--- START ---

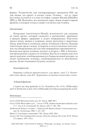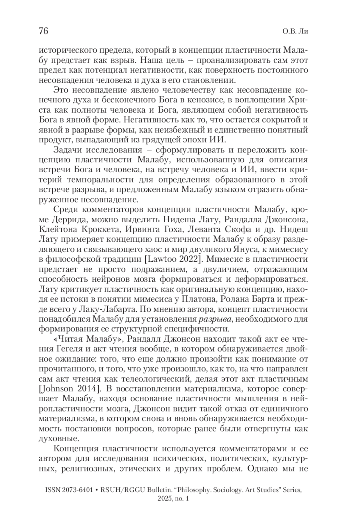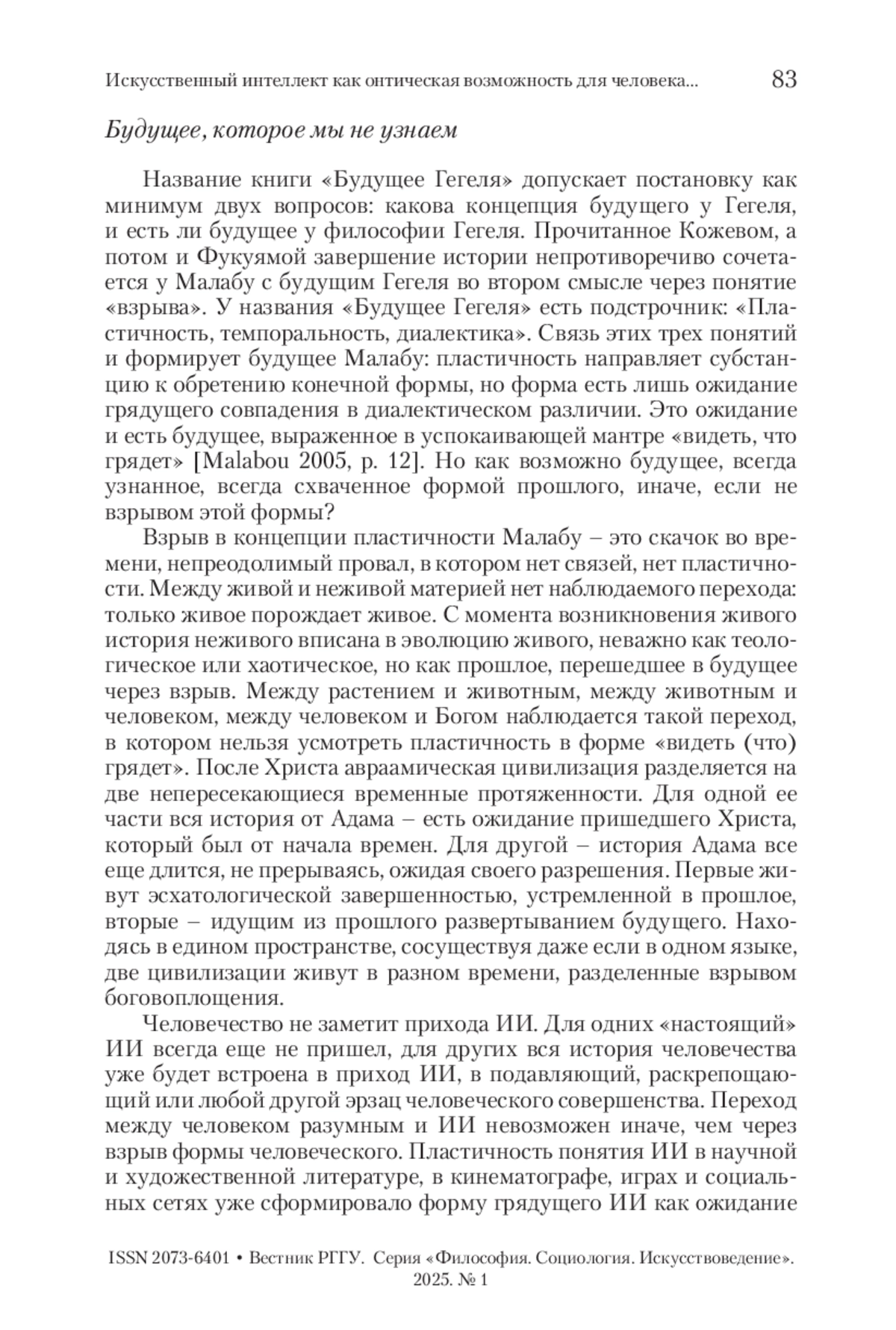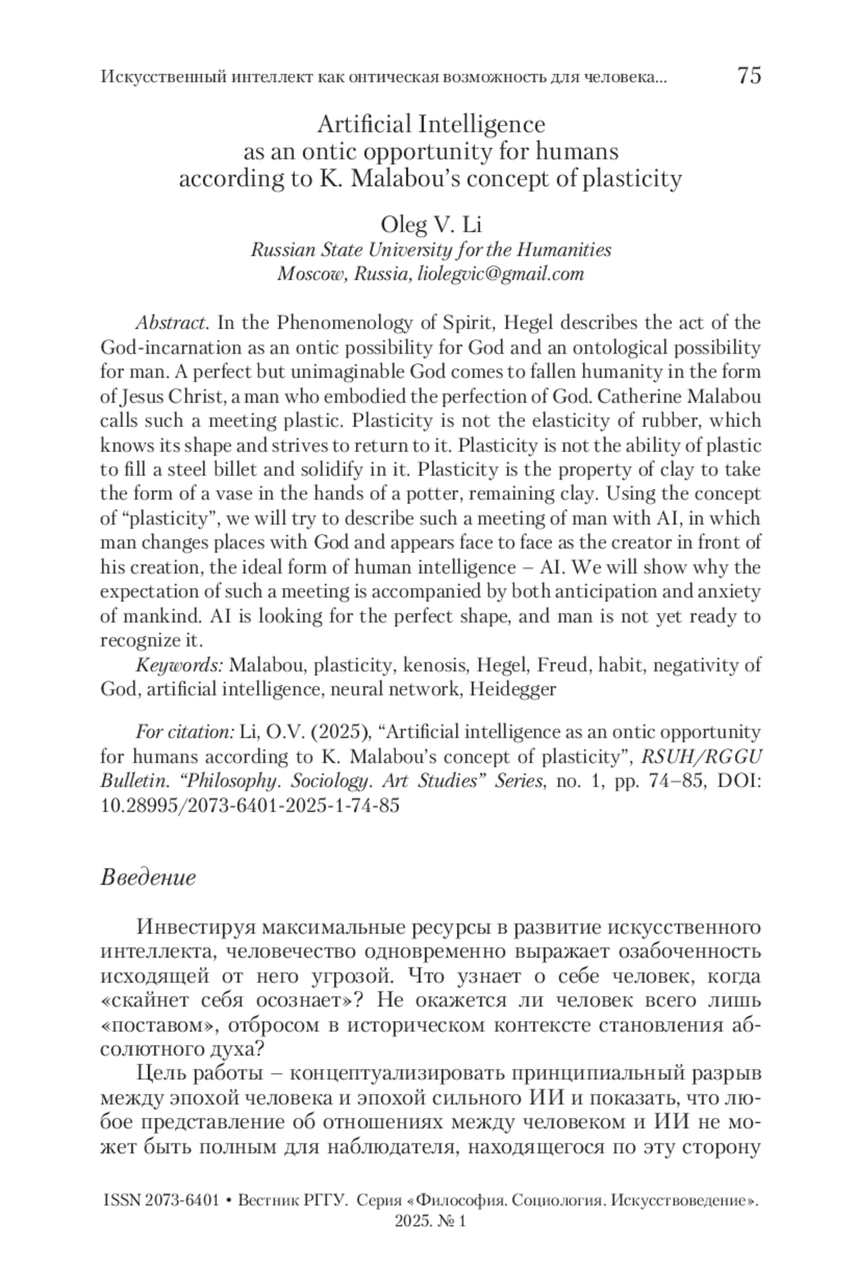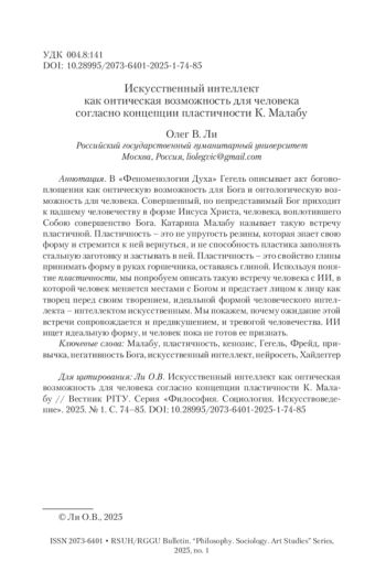 В «Феноменологии Духа» Гегель описывает акт боговоплощения как онтическую возможность для Бога и онтологическую возможность для человека. Совершенный, но непредставимый Бог приходит к падшему человечеству в форме Иисуса Христа, человека, воплотившего Собою совершенство Бога. Катарина Малабу называет такую встречу пластичной. Пластичность – это не упругость резины, которая знает свою форму и стремится к ней вернуться, и не способность пластика заполнять стальную заготовку и застывать в ней. Пластичность – это свойство глины принимать форму в руках горшечника, оставаясь глиной. Используя понятие пластичности, мы попробуем описать такую встречу человека с ИИ, в которой человек меняется местами с Богом и предстает лицом к лицу как творец перед своим творением, идеальной формой человеческого интеллекта – интеллектом искусственным. Мы покажем, почему ожидание этой встречи сопровождается и предвкушением, и тревогой человечества. ИИ ищет идеальную форму, и человек пока не готов ее признать.
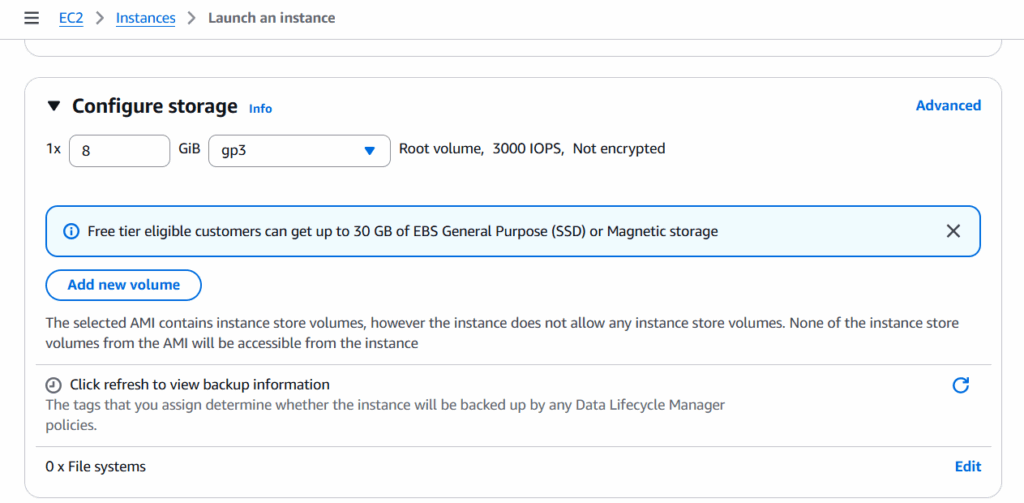 Default: 8 GB EBS Volume.
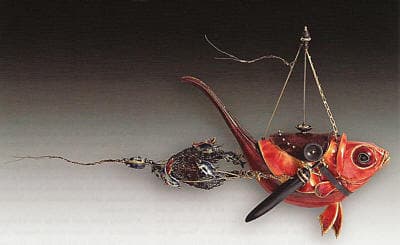 Where will Freda's work go next? It is becoming more abstract, combining a favorite example of wild life with geometric shapes and occasional jewels such as pearls. It is also becoming more surreal. When Mobilia Gallery invited artists in 2002 to submit work based on a favorite painting, he created a "fish hunter" brooch in the style of Hieronymus Bosch an amazingly whimsical piece portraying a brilliantly colored fish, arrayed with sword and saddle, boating home with a net full of tiny blue fiddlers each no more than one quarter inch long. The effect is simultaneously powerful, funny, and creepy.
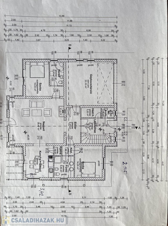 Az alsó szinten: Garázs 33,33 m2, előtér 8,47 m2, nappali 39,47 m2, szoba 15,03 m2, fürdőszoba + WC 5,15 m2, szoba 14,26 m2, fürdőszoba + WC 6,90 m2, konyha + étkező 14,26 m2, kamra 1,14 m2, terasz 10,0 m2, közlekedő 1,88 m2, háztartási helyiség 3,20 m2, WC 2,0 m2, lépcsőház 13,74 m2 található,
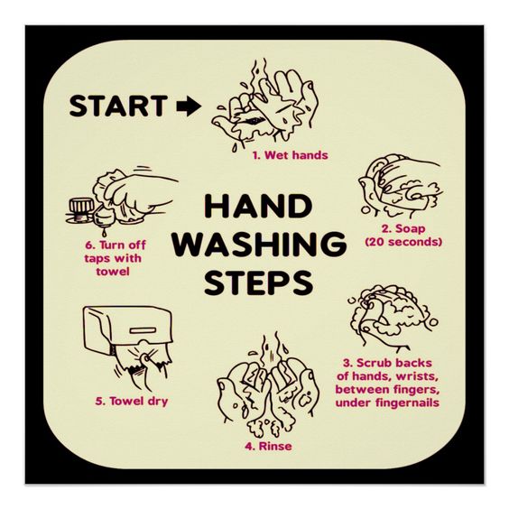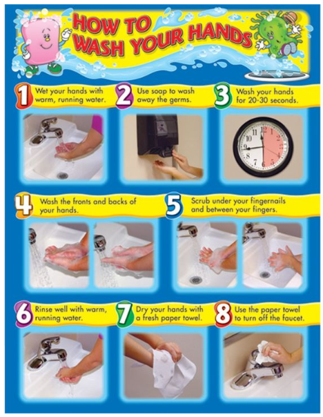 This third example is a different take on the handwashing routine. It organizes the steps of handwashing in a cycle rather than a linear grid. This emphasizes the continual nature of hand washing, which is important for keeping hands clean throughout the day. The cycle would have been better served if the designers used the Gestalt principle of connectedness by including arrows between the steps. This would have emphasized the process of the poster. However, the steps are numbered and the start of the process is labeled, so the audience can still grasp the order of the steps. The designers of the poster could have perhaps put the numbering of the step at a different level fro the caption text, by making the numbers a larger or different font size. This might have made the ordering of the steps more apparent. Because of the different format of the poster the grid is different from that of the first two. The grid could possibly radial rather than a standard square grid.
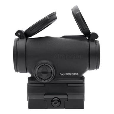 AimPoint Duty RDS The Aimpoint® Duty RDS is the red dot sight solution the world has been waiting for – offering Aimpoint quality at a more accessible price point. This compact, high-grade reflex optic was designed to meet the demanding needs of the modern law enforcement officer. The Duty RDS™ (Red Dot Sight) offers a bright, crisp 2 MOA dot that’s ideal for short to medium range target engagements. All new windage and elevation adjustments are flush mounted and waterproof, eliminating the need for protective caps. The turrets provide audible “clicks” when zeroing the optic. The dot brightness intensity switch is a digital keypad with intuitive buttons that can easily be manipulated while wearing gloves. The pressure forged aluminum alloy housing provides durability against extreme abuse and drastic temperature changes. The sight is vibration and shock resistant and submersible up to 80 feet. It is powered by a single CR2032 battery and ACET technology provides over 3 years of constant-on use at daylight position 7 and even longer on the night vision settings. The Duty RDS comes with a one-piece torsion nut mount and the optic features flip-up lens covers – the front is solid and the rear transparent. The sight is fully compatible with all generations of night vision devices. UNIQUE FEATURES 2 MOA red dot for precision and fast target acquisition Battery life: 30,000 hours (over 3 years) of constant operation with one battery on setting 7 Battery type: CR2032 battery (included) One-piece Torsion Nut Mount Flip-up lens covers – front is solid, and rear is transparent Advanced optical lenses for enhanced light transmission and ultimate dot clarity Windage and elevation adjustments are flush mounted and waterproof – eliminating the need for protective caps Hard anodized non-reflective surface 10 brightness settings: 1 off position, 4 night vision compatible settings, and 6 daylight settings 1X (non-magnifying) operationally parallax free optic Submersible to 80 feet (25 meters) Temperature span -49°F to +160°F Weight 3.8 oz / 108 g (sight only) Length x Width x Height 2.7 x 1.5 x 1.7 in / 68 x 37 x 43 mm

--- END ---

*Exercise description*
Could you reproduce the listing above word for word while leaving out its pictures?

*Result for this task*
 В «Феноменологии Духа» Гегель описывает акт боговоплощения как онтическую возможность для Бога и онтологическую возможность для человека. Совершенный, но непредставимый Бог приходит к падшему человечеству в форме Иисуса Христа, человека, воплотившего Собою совершенство Бога. Катарина Малабу называет такую встречу пластичной. Пластичность – это не упругость резины, которая знает свою форму и стремится к ней вернуться, и не способность пластика заполнять стальную заготовку и застывать в ней. Пластичность – это свойство глины принимать форму в руках горшечника, оставаясь глиной. Используя понятие пластичности, мы попробуем описать такую встречу человека с ИИ, в которой человек меняется местами с Богом и предстает лицом к лицу как творец перед своим творением, идеальной формой человеческого интеллекта – интеллектом искусственным. Мы покажем, почему ожидание этой встречи сопровождается и предвкушением, и тревогой человечества. ИИ ищет идеальную форму, и человек пока не готов ее признать.
 Default: 8 GB EBS Volume.
 Where will Freda's work go next? It is becoming more abstract, combining a favorite example of wild life with geometric shapes and occasional jewels such as pearls. It is also becoming more surreal. When Mobilia Gallery invited artists in 2002 to submit work based on a favorite painting, he created a "fish hunter" brooch in the style of Hieronymus Bosch an amazingly whimsical piece portraying a brilliantly colored fish, arrayed with sword and saddle, boating home with a net full of tiny blue fiddlers each no more than one quarter inch long. The effect is simultaneously powerful, funny, and creepy.
 Az alsó szinten: Garázs 33,33 m2, előtér 8,47 m2, nappali 39,47 m2, szoba 15,03 m2, fürdőszoba + WC 5,15 m2, szoba 14,26 m2, fürdőszoba + WC 6,90 m2, konyha + étkező 14,26 m2, kamra 1,14 m2, terasz 10,0 m2, közlekedő 1,88 m2, háztartási helyiség 3,20 m2, WC 2,0 m2, lépcsőház 13,74 m2 található,
 This third example is a different take on the handwashing routine. It organizes the steps of handwashing in a cycle rather than a linear grid. This emphasizes the continual nature of hand washing, which is important for keeping hands clean throughout the day. The cycle would have been better served if the designers used the Gestalt principle of connectedness by including arrows between the steps. This would have emphasized the process of the poster. However, the steps are numbered and the start of the process is labeled, so the audience can still grasp the order of the steps. The designers of the poster could have perhaps put the numbering of the step at a different level fro the caption text, by making the numbers a larger or different font size. This might have made the ordering of the steps more apparent. Because of the different format of the poster the grid is different from that of the first two. The grid could possibly radial rather than a standard square grid.
 AimPoint Duty RDS The Aimpoint® Duty RDS is the red dot sight solution the world has been waiting for – offering Aimpoint quality at a more accessible price point. This compact, high-grade reflex optic was designed to meet the demanding needs of the modern law enforcement officer. The Duty RDS™ (Red Dot Sight) offers a bright, crisp 2 MOA dot that’s ideal for short to medium range target engagements. All new windage and elevation adjustments are flush mounted and waterproof, eliminating the need for protective caps. The turrets provide audible “clicks” when zeroing the optic. The dot brightness intensity switch is a digital keypad with intuitive buttons that can easily be manipulated while wearing gloves. The pressure forged aluminum alloy housing provides durability against extreme abuse and drastic temperature changes. The sight is vibration and shock resistant and submersible up to 80 feet. It is powered by a single CR2032 battery and ACET technology provides over 3 years of constant-on use at daylight position 7 and even longer on the night vision settings. The Duty RDS comes with a one-piece torsion nut mount and the optic features flip-up lens covers – the front is solid and the rear transparent. The sight is fully compatible with all generations of night vision devices. UNIQUE FEATURES 2 MOA red dot for precision and fast target acquisition Battery life: 30,000 hours (over 3 years) of constant operation with one battery on setting 7 Battery type: CR2032 battery (included) One-piece Torsion Nut Mount Flip-up lens covers – front is solid, and rear is transparent Advanced optical lenses for enhanced light transmission and ultimate dot clarity Windage and elevation adjustments are flush mounted and waterproof – eliminating the need for protective caps Hard anodized non-reflective surface 10 brightness settings: 1 off position, 4 night vision compatible settings, and 6 daylight settings 1X (non-magnifying) operationally parallax free optic Submersible to 80 feet (25 meters) Temperature span -49°F to +160°F Weight 3.8 oz / 108 g (sight only) Length x Width x Height 2.7 x 1.5 x 1.7 in / 68 x 37 x 43 mm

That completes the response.